> **What the task asks**
Leave the pictures out and return every line below exactly.

> **Records supplied**
***
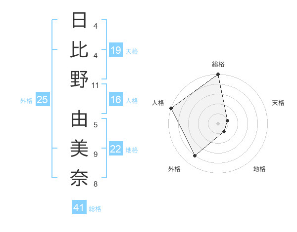 日比野 由美奈さんを姓名の画数から五運を鑑定
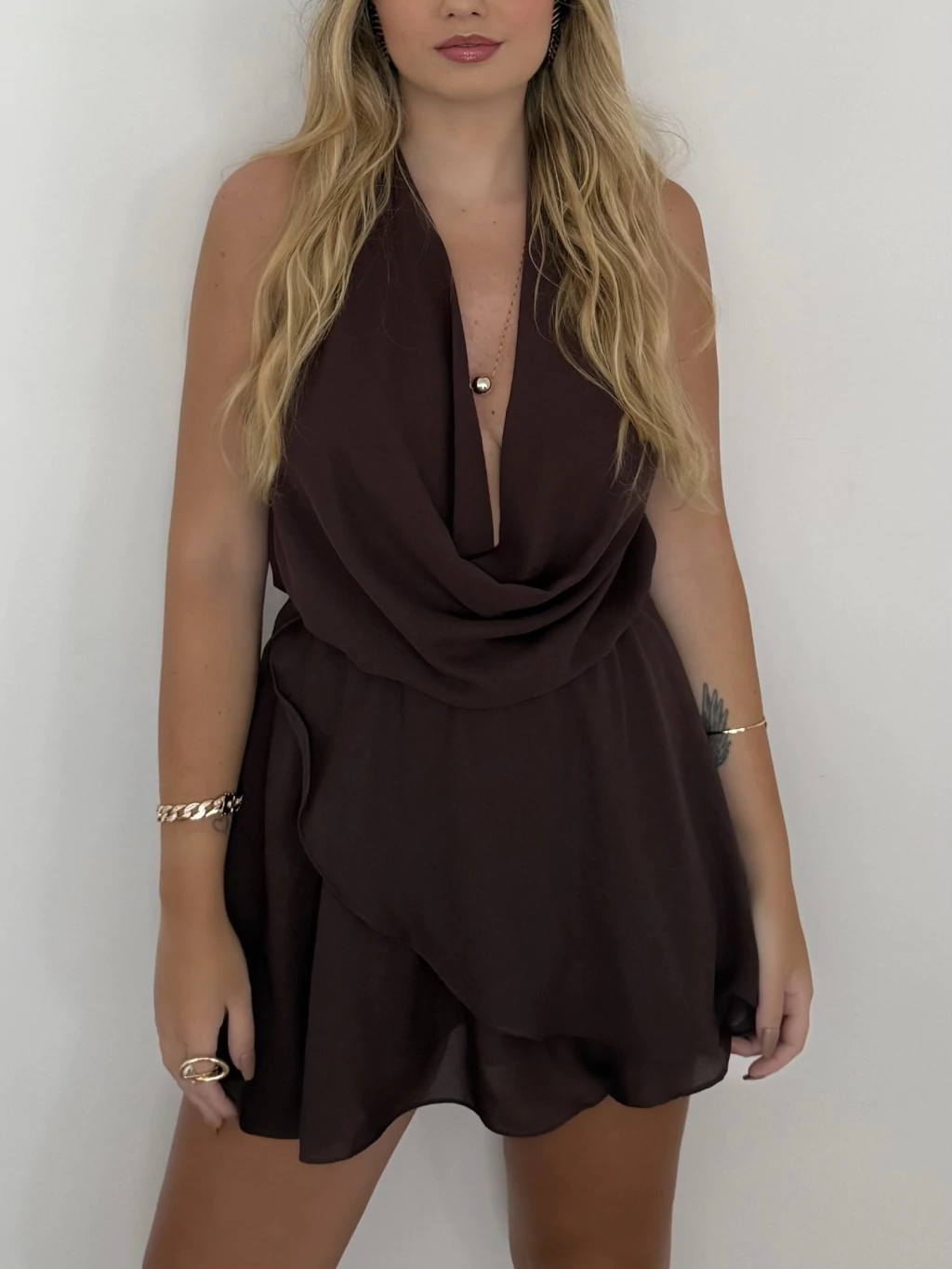 O macaquinho em crepe é a escolha perfeita para quem busca leveza, feminilidade e elegância em uma única peça. Com decote transpassado que valoriza o colo e camadas delicadas que criam um movimento suave. Possui elástico na cintura e Costas abertas
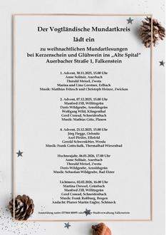 Nicht so gut besucht war die Mundartveranstaltung am 2. Advent. Viele Besucher, die Plätze reserviert hatten, erschienen nicht. Es lasen Manfred Zill aus Willitzgrün, Gerd Conrad aus Schneidenbach, Wolfgang Wild aus Klingenthal und Doris Wildgrube aus Arnoldsgrün. Den musikalischen Part hatte Mathias Götz aus Plauen übernommen. Als gute Idee erwies sich, dass er die Liedtexte mitgebracht und im Publikum verteilt hatte, sodass alle Besucher mitsingen konnten. Alle Autoren trugen ausschließlich eigene humorvolle, aber auch nachdenklich stimmende Gedichte und Geschichten vor. Erinnerungen an die eigene Kindheit, das Wetter sowie aktuelle Themen wurden dabei berührt. Auch am 4. Advent lädt der Vogtländische Mundartkreis zu Mundart und Musik ins weihnachtlich geschmückte „Alte Spital“ ein. Dann lesen Jörg Fiegge aus Oelsnitz, Axel Pfeifer aus Ellefeld und Gerold Schwenkbier aus Werda. Die musikalische Begleitung übernimmt Frank Gottschalk aus Thermalbad Wiesenbad mit Bandoneon und Konzertina. Freuen dürfen sich die Besucher zudem auf eine kleine erzgebirgisch-vogtländische Premiere. Nach einer Pause über die Feiertage wird die Veranstaltungsreihe mit „Hochneujahr im Alten Spital“ am Dienstag, dem 06. Januar 2026 um 17.00 Uhr fortgesetzt. Es werden Anne Solitair, Thorald Meisel und Doris Wildgrube lesen. Als Musiker konnte Sebastian Wildgrube aus Bad Elster gewonnen werden.
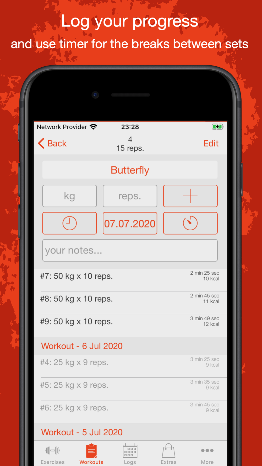 - Graph to visualize your log data for each exercise (including workload and RM calculator)
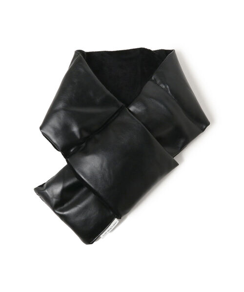 上品な雰囲気を演出するアイテム 品を感じられる光沢がある素材のティペット型マフラー。片面は環境にも配慮した注目度の高いフェイクレザーで、反対側は肌触りの良い合成繊維を使用。中綿入りなので保温性も抜群。片側の筒に通すだけの着用のしやすさも魅力です。
***
> **Result of this exercise**
 日比野 由美奈さんを姓名の画数から五運を鑑定
 O macaquinho em crepe é a escolha perfeita para quem busca leveza, feminilidade e elegância em uma única peça. Com decote transpassado que valoriza o colo e camadas delicadas que criam um movimento suave. Possui elástico na cintura e Costas abertas
 Nicht so gut besucht war die Mundartveranstaltung am 2. Advent. Viele Besucher, die Plätze reserviert hatten, erschienen nicht. Es lasen Manfred Zill aus Willitzgrün, Gerd Conrad aus Schneidenbach, Wolfgang Wild aus Klingenthal und Doris Wildgrube aus Arnoldsgrün. Den musikalischen Part hatte Mathias Götz aus Plauen übernommen. Als gute Idee erwies sich, dass er die Liedtexte mitgebracht und im Publikum verteilt hatte, sodass alle Besucher mitsingen konnten. Alle Autoren trugen ausschließlich eigene humorvolle, aber auch nachdenklich stimmende Gedichte und Geschichten vor. Erinnerungen an die eigene Kindheit, das Wetter sowie aktuelle Themen wurden dabei berührt. Auch am 4. Advent lädt der Vogtländische Mundartkreis zu Mundart und Musik ins weihnachtlich geschmückte „Alte Spital“ ein. Dann lesen Jörg Fiegge aus Oelsnitz, Axel Pfeifer aus Ellefeld und Gerold Schwenkbier aus Werda. Die musikalische Begleitung übernimmt Frank Gottschalk aus Thermalbad Wiesenbad mit Bandoneon und Konzertina. Freuen dürfen sich die Besucher zudem auf eine kleine erzgebirgisch-vogtländische Premiere. Nach einer Pause über die Feiertage wird die Veranstaltungsreihe mit „Hochneujahr im Alten Spital“ am Dienstag, dem 06. Januar 2026 um 17.00 Uhr fortgesetzt. Es werden Anne Solitair, Thorald Meisel und Doris Wildgrube lesen. Als Musiker konnte Sebastian Wildgrube aus Bad Elster gewonnen werden.
 - Graph to visualize your log data for each exercise (including workload and RM calculator)
 上品な雰囲気を演出するアイテム 品を感じられる光沢がある素材のティペット型マフラー。片面は環境にも配慮した注目度の高いフェイクレザーで、反対側は肌触りの良い合成繊維を使用。中綿入りなので保温性も抜群。片側の筒に通すだけの着用のしやすさも魅力です。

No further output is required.